Data records
——

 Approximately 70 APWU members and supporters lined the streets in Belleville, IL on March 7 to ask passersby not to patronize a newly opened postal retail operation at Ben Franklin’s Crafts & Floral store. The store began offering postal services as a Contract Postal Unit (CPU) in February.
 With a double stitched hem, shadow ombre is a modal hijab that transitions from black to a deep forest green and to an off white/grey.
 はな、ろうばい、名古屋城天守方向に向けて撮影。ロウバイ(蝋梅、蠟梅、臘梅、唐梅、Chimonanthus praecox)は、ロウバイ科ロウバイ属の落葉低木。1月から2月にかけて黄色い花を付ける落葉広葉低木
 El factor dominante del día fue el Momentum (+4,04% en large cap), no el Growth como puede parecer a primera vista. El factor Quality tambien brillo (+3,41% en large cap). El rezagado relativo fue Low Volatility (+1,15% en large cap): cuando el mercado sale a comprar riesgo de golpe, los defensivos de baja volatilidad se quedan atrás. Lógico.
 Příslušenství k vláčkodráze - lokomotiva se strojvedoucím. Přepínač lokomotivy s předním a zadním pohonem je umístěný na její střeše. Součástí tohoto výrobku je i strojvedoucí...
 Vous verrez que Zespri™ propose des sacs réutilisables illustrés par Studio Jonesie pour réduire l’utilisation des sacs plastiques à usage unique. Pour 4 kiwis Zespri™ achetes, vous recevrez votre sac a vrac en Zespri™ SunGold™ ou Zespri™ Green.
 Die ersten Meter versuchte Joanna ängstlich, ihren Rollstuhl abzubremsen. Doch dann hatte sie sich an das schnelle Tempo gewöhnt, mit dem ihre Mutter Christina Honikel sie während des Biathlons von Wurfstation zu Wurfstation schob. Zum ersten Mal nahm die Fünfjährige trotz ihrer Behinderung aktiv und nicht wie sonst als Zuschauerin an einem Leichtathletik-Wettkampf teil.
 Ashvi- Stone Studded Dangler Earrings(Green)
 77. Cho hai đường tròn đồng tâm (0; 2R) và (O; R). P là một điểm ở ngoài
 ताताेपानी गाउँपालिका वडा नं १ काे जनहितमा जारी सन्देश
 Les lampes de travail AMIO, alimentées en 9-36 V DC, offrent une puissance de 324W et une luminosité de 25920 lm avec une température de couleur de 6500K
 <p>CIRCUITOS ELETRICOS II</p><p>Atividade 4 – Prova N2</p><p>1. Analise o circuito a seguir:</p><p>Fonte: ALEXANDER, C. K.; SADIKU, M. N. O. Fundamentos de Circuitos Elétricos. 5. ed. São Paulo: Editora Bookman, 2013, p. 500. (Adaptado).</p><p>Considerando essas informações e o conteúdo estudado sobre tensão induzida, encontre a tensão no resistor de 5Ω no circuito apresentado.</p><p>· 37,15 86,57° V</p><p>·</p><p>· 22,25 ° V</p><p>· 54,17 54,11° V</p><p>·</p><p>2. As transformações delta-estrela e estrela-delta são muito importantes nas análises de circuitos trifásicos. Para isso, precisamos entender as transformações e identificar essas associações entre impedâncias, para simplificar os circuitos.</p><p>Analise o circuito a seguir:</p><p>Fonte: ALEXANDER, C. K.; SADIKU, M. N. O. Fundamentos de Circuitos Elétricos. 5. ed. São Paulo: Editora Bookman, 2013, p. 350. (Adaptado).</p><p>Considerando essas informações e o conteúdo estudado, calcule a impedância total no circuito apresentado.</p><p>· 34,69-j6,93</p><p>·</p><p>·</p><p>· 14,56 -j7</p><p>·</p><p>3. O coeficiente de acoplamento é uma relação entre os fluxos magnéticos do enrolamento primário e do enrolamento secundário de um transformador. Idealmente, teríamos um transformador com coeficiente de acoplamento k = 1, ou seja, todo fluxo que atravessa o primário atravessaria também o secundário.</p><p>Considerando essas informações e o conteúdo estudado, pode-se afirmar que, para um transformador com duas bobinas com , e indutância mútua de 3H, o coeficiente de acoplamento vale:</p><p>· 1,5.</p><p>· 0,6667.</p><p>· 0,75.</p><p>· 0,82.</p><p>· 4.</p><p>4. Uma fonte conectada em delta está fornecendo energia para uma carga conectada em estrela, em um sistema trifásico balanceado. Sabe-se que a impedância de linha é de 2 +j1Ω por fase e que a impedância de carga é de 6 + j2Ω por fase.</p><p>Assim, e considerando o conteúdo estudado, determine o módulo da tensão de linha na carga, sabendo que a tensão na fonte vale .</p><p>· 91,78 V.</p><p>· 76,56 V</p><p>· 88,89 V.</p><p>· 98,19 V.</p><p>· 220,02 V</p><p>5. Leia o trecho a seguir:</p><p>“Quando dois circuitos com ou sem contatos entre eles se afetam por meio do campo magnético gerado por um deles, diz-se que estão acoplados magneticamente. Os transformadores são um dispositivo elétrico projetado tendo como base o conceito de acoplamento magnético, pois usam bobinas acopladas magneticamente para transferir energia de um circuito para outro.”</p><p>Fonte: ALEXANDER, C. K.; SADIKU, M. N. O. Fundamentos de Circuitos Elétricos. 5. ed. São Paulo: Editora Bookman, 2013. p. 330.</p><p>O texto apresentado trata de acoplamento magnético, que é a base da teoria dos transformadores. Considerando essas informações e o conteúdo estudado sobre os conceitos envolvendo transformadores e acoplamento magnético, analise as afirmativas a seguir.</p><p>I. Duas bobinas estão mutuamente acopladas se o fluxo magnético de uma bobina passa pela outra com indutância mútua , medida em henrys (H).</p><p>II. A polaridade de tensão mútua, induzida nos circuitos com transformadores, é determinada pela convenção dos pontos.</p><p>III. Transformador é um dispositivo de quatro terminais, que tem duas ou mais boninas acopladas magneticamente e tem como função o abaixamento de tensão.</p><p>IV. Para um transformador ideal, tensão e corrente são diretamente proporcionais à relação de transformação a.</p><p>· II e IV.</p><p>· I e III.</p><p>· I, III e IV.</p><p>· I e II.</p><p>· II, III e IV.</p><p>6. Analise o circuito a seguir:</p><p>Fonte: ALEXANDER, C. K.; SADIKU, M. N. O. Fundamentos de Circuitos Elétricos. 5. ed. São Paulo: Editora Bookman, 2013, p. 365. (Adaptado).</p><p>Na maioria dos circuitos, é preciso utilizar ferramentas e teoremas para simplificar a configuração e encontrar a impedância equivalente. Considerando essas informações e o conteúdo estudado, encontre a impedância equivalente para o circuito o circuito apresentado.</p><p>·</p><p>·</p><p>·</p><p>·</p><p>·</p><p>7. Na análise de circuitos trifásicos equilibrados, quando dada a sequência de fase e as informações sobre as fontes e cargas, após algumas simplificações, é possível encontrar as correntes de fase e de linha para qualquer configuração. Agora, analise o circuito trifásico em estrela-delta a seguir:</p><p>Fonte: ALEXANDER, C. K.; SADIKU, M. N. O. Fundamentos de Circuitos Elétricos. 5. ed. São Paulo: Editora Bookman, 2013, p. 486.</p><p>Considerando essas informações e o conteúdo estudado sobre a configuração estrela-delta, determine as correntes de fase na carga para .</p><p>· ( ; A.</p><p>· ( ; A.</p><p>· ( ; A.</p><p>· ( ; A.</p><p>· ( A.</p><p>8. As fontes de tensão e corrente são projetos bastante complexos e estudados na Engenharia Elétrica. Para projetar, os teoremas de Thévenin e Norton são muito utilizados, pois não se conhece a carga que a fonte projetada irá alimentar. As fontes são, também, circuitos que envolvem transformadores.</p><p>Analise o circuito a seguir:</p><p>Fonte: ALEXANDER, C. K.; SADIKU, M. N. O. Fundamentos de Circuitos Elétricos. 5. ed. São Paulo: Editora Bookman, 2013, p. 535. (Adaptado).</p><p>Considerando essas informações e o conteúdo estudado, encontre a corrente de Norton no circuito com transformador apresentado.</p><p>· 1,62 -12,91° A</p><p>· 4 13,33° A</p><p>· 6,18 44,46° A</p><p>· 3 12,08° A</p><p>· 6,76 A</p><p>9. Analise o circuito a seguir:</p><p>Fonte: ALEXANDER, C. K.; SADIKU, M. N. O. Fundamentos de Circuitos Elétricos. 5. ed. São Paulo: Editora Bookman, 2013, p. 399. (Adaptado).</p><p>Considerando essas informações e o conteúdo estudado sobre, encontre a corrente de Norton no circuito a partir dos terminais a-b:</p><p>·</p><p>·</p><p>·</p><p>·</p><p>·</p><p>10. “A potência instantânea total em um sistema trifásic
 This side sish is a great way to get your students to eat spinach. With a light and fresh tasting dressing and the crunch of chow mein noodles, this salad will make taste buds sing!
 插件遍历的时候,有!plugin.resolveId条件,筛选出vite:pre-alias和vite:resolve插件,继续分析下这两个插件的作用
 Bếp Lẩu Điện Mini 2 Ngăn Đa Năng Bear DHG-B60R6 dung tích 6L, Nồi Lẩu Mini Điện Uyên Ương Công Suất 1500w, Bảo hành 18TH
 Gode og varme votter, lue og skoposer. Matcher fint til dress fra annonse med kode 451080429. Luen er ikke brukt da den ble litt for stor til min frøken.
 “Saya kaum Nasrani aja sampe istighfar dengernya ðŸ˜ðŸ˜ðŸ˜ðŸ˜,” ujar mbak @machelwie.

——

Brief :: Your answer should be the lines above, from the line containing "With a double" up to and including the line containing "はな、ろうばい、名古屋城天守", reproduced exactly and with nothing else.

Answer to the problem ::
 With a double stitched hem, shadow ombre is a modal hijab that transitions from black to a deep forest green and to an off white/grey.
 はな、ろうばい、名古屋城天守方向に向けて撮影。ロウバイ(蝋梅、蠟梅、臘梅、唐梅、Chimonanthus praecox)は、ロウバイ科ロウバイ属の落葉低木。1月から2月にかけて黄色い花を付ける落葉広葉低木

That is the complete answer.